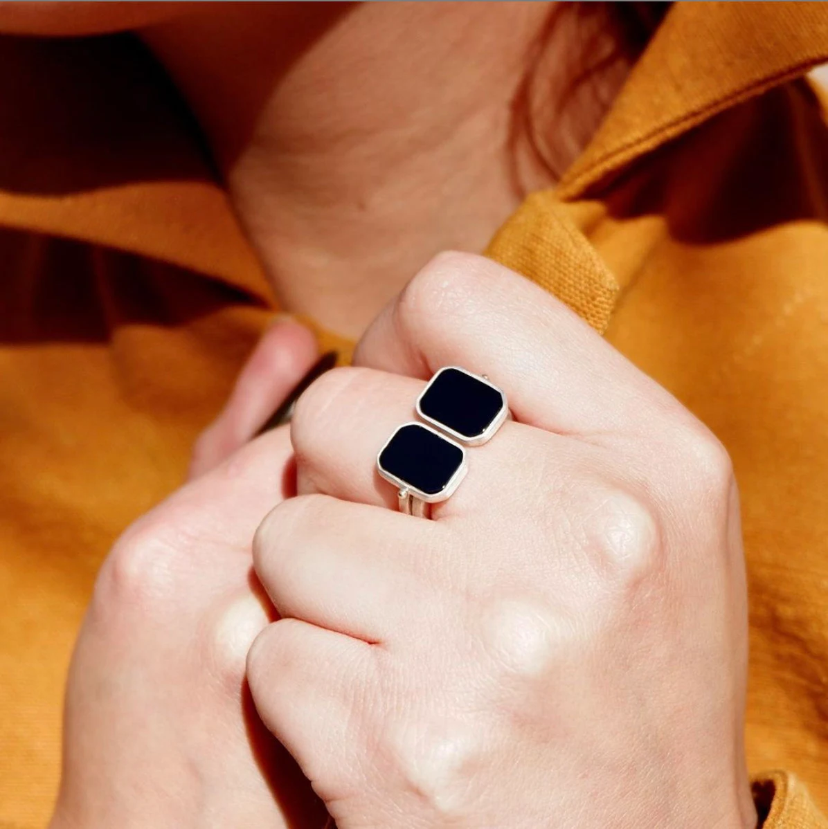 The silver Hypatia ring is hand forged by Micha using onyx and 14ct gold sourced from recycled materials. Photo by Micha González.
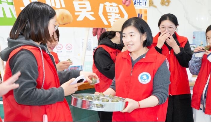 “聽(tīng)‘筧’星聲”公益音樂(lè)會(huì)環(huán)節(jié)更是溫情滿滿。向陽(yáng)樂(lè)隊(duì)奏響暖心旋律,工療員們勇敢登臺(tái)展示才藝。志愿者老師現(xiàn)場(chǎng)開(kāi)展非洲鼓演奏指導(dǎo),動(dòng)人的鼓聲既能愉悅心情,還能刺激手部血液循環(huán),助力身心療愈。這場(chǎng)專(zhuān)屬特殊群體的才藝展示,不僅讓他們收獲掌聲與肯定,更在舞臺(tái)上綻放自信光芒,充分體現(xiàn)社會(huì)對(duì)殘疾人的尊重、關(guān)愛(ài)與支持。活動(dòng)最后,東港社區(qū)的東鄰嫂與益筧藍(lán)軍嫂,將親手制作的腌菜與新鮮青團(tuán)送到現(xiàn)場(chǎng)的工療員手中,為他們的春日餐桌添上了一份“媽媽的味道”。
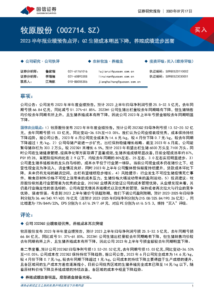国信证券:牧原股份(002714)-2023半年报业绩预告点评:Q2生猪成本明显下降,养殖成绩进步显著.pdf

------------------------------------

▶ Task directions
Print every line of the material above exactly as it reads, skipping the pictures.

▶ Task result
 The silver Hypatia ring is hand forged by Micha using onyx and 14ct gold sourced from recycled materials. Photo by Micha González.
 “聽(tīng)‘筧’星聲”公益音樂(lè)會(huì)環(huán)節(jié)更是溫情滿滿。向陽(yáng)樂(lè)隊(duì)奏響暖心旋律,工療員們勇敢登臺(tái)展示才藝。志愿者老師現(xiàn)場(chǎng)開(kāi)展非洲鼓演奏指導(dǎo),動(dòng)人的鼓聲既能愉悅心情,還能刺激手部血液循環(huán),助力身心療愈。這場(chǎng)專(zhuān)屬特殊群體的才藝展示,不僅讓他們收獲掌聲與肯定,更在舞臺(tái)上綻放自信光芒,充分體現(xiàn)社會(huì)對(duì)殘疾人的尊重、關(guān)愛(ài)與支持。活動(dòng)最后,東港社區(qū)的東鄰嫂與益筧藍(lán)軍嫂,將親手制作的腌菜與新鮮青團(tuán)送到現(xiàn)場(chǎng)的工療員手中,為他們的春日餐桌添上了一份“媽媽的味道”。
国信证券:牧原股份(002714)-2023半年报业绩预告点评:Q2生猪成本明显下降,养殖成绩进步显著.pdf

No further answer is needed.